Appellants rely also on that part of the act of February 8, 1887, as the sixth section -thereof is amended by the act of May 8, 1906 (34 Stat. 183 [Comp. St. § 4203]), reading:

“Provided, that the Secretary of the Interior may, in his discretion, and he is hereby authorized, whenever he shall be Satisfied that any Indian allot-tee is competent and capable of managing his or her aifairs at any time to cause to be issued to such allottee a patent in fee simple, and, thereafter all restrictions as to sale, incumbrance, or taxation of said land shall be removed * * * ”

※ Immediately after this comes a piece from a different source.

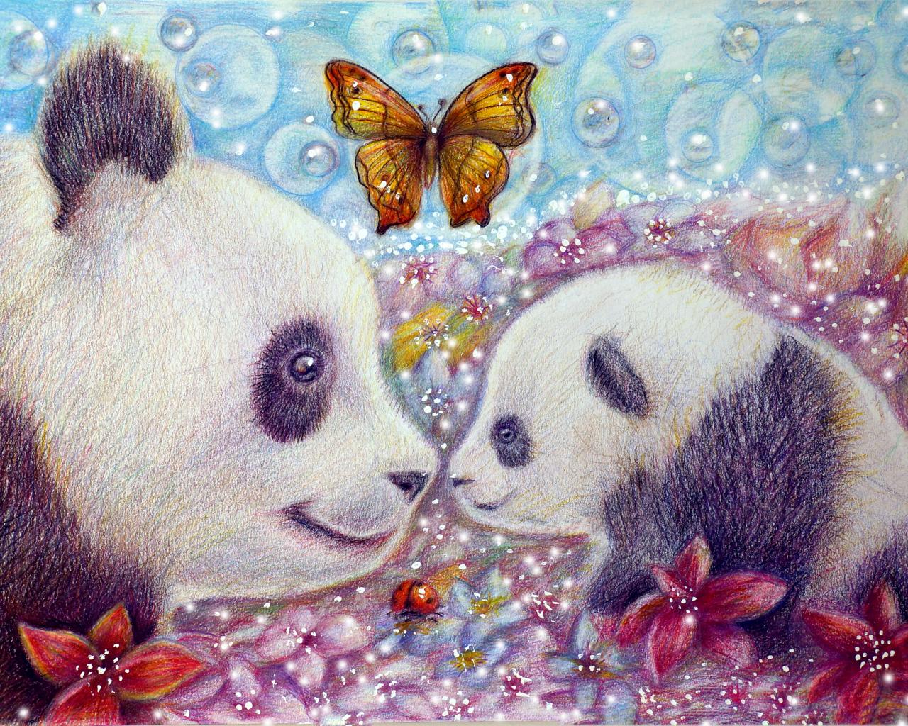 Обои Большая медведица панда с маленьким медвежонком и бабочками

—and also on subsequent acts (35 Stat. 444 ; 36 Stat. 855; 37 Stat. 678) which extend the power of the Secretary to determine the heirs of deceased allottees, and provide that, if he is satisfied of their ability to manage their own affairs, he may cause patents in fee simple to be issued to them for their inherited interest. The contention, as we understand it, is that, if the Secretary, acting under these statutes, removes the restriction as to any allotment or an inherited interest therein, such action on his part operates to remove restrictions on other tracts in which the Indian may be interested. But the effect of this contention is to make the restriction against alienation personal to the Indian, whereas the uniform ruling is that it attaches to and runs with *957the land. In U. S. v. Noble, 237 U. S. 74, it is said, at page 80, 35 Sup. Ct. 532, 59 L. Ed. 844, that the restriction binds the land for the time stated. See, also, Bowling v. U. S., 233 U. S. 528, 34 Sup. Ct. 659, 58 L. Ed. 1080; Id., 191 Fed. 19, 111 C. C. A. 561; Goodrum v. Buffalo, 162 Fed. 817, 89 C. C. A. 525. Furthermore, the facts as we obtain them from the record do not show a removal of restrictions, as claimed, in behalf of any Indian other than those that have been heretofore named and whose conveyances we held to be valid under the act of June 21, 1906, as above stated.

Reversed, with directions to modify the decrees in accordance with this opinion.